Work item: Below, locate the line that contains "Shop Plaid Drawstring". Repeat exactly from that line to the line that contains "Sgabello in noce, XX", inclusive, leaving out the pictures.
START Task inputs
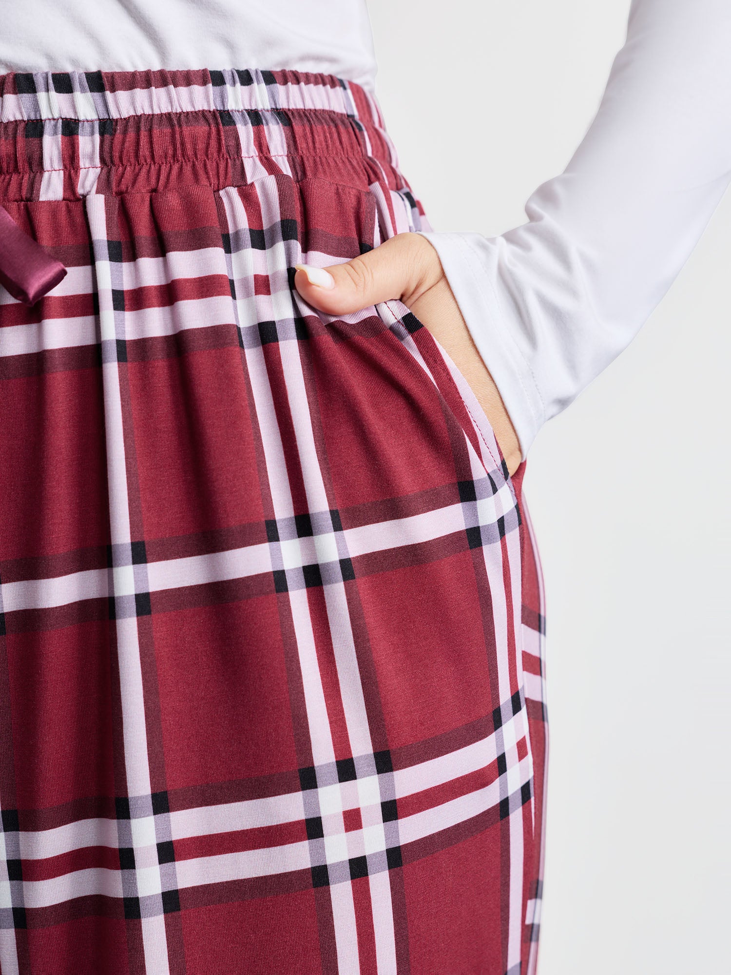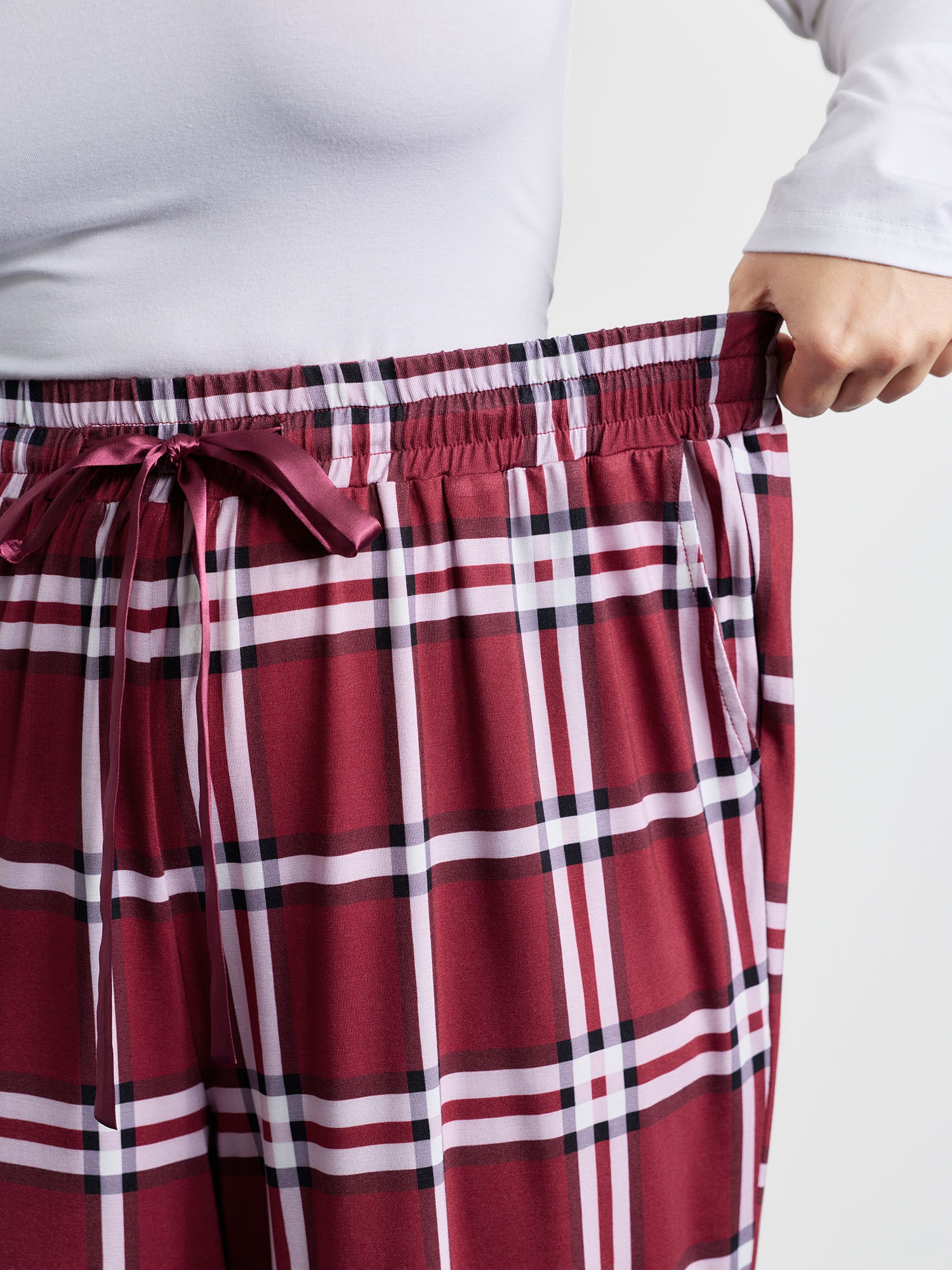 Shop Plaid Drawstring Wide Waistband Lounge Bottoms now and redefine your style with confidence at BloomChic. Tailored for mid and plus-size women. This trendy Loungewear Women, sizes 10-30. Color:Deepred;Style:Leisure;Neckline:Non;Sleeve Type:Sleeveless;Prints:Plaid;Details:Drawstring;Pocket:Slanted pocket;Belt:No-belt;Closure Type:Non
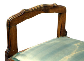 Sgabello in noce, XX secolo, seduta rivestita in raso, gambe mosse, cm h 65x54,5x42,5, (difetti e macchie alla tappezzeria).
END Task inputs
START Task inputs
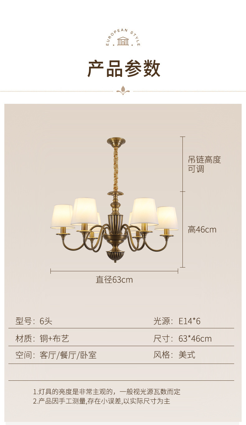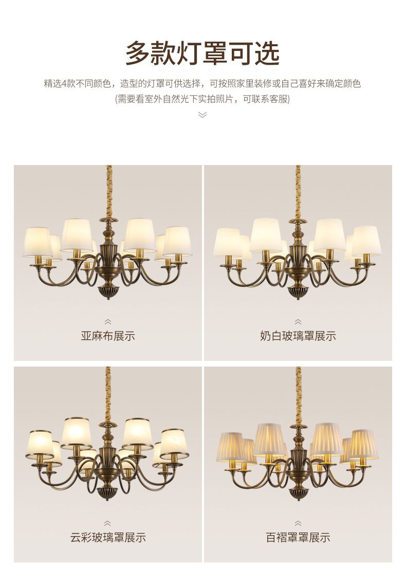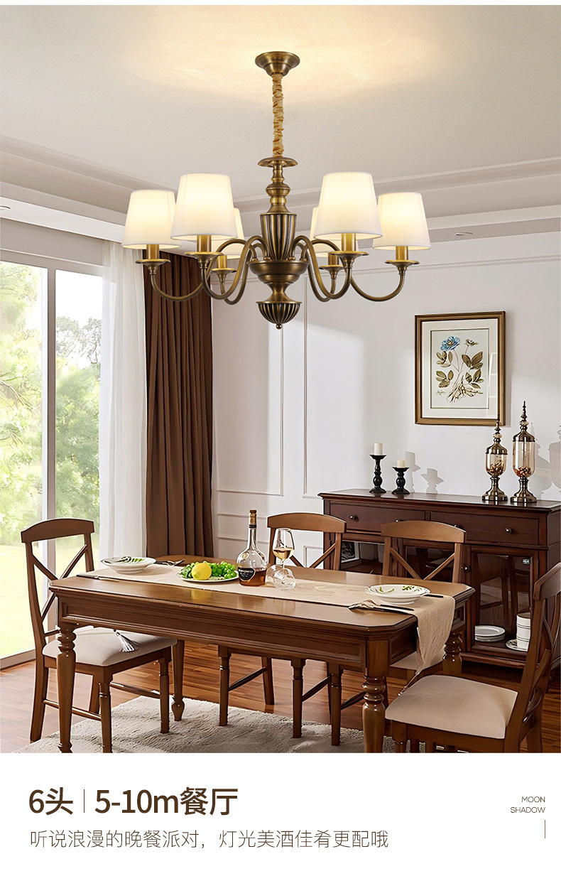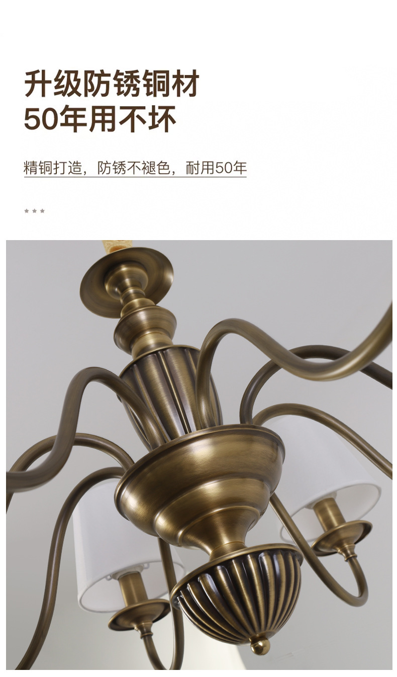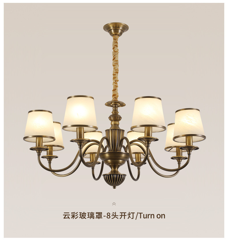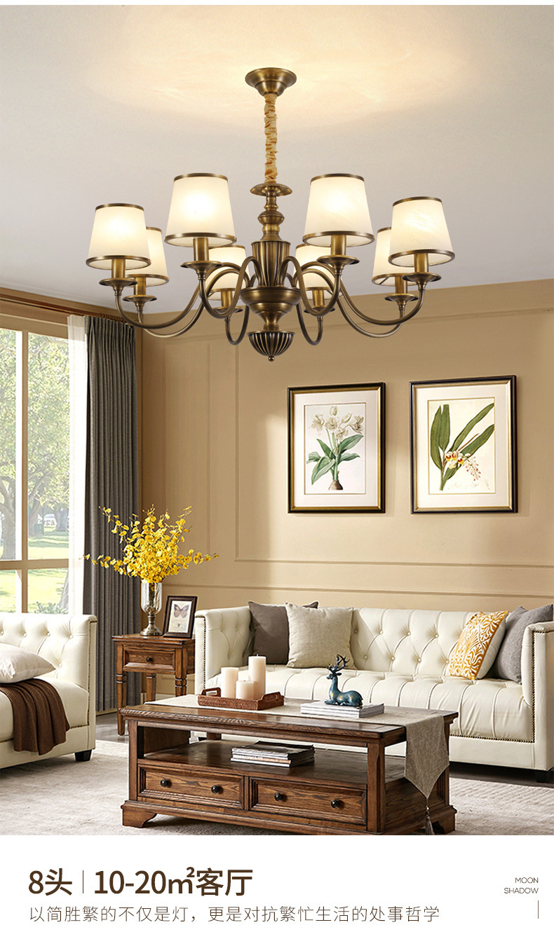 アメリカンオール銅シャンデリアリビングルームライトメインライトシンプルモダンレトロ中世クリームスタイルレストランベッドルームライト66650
END Task inputs
Output for this task:
 Shop Plaid Drawstring Wide Waistband Lounge Bottoms now and redefine your style with confidence at BloomChic. Tailored for mid and plus-size women. This trendy Loungewear Women, sizes 10-30. Color:Deepred;Style:Leisure;Neckline:Non;Sleeve Type:Sleeveless;Prints:Plaid;Details:Drawstring;Pocket:Slanted pocket;Belt:No-belt;Closure Type:Non
 Sgabello in noce, XX secolo, seduta rivestita in raso, gambe mosse, cm h 65x54,5x42,5, (difetti e macchie alla tappezzeria).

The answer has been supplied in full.